Hi Renato, all,
This patch fixes http://llvm.org/bugs/show_bug.cgi?id=19972 - a Thumb-1 specific codegen bug in the ARM Load/Store optimization pass.
Previously, the basic block was searched for future uses of the base register, and if necessary any writeback to the base register was reset using a SUB instruction (e.g. before calling a function) just before such a use. However, this step happened *before* the merged LDM/STM instruction was built. So if there was (e.g.) a function call directly after the not-yet-formed LDM/STM, the pass would first insert a SUB instruction to reset the base register, and then (at the same location, incorrectly) insert the LDM/STM itself.

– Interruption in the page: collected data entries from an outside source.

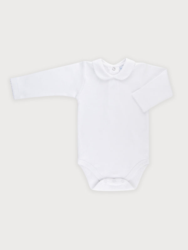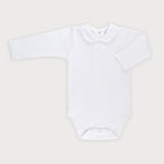 Body Básico Con Cuello Blanco. Cierre con corchetes en la espalda y entre las piernas.
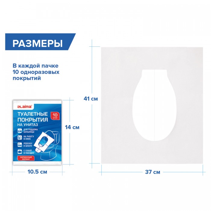 Накладки покрытия сидения для унитаза КОМПЛЕКТ 10 шт. школа/офис/больница/роддом/поездка LAIMA, 114177
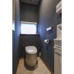 タンクレストイレとダークカラーのアクセントクロスを採用し、デザイン性と清潔感を両立させた、落ち着きのあるおしゃれなトイレ空間へと生まれ変わりました。

Example (taken from Bugzilla):
void bar(int*, int, int); void foo(int *A) { int x = A[0]; int y = A[1]; bar(A, x, y); }
This currently compiles to:
$ clang -target arm -Os -mthumb -mcpu=arm926ej-s -c t.c -S -o -
@ BB#0: @ %entry push {r7, lr} add r7, sp, #0 subs r0, #8 ldm r0!, {r1, r2} bl bar pop {r7, pc}
With the patch applied, it gives the much more reasonable
@ BB#0: push {r7, lr} add r7, sp, #0 ldm r0!, {r1, r2} subs r0, #8 bl bar pop {r7, pc}
(Note that we do need the subs as the ldm writes back to the base register).
The patch moves the code that emits the merged instruction forward so this happens before the call that updates base register uses and potentially inserts the SUB. I've also added a test case derived from the example above to make sure that it now works properly.
Cheers
Moritz
This change looks odd. Why is the previous case not relevant any more?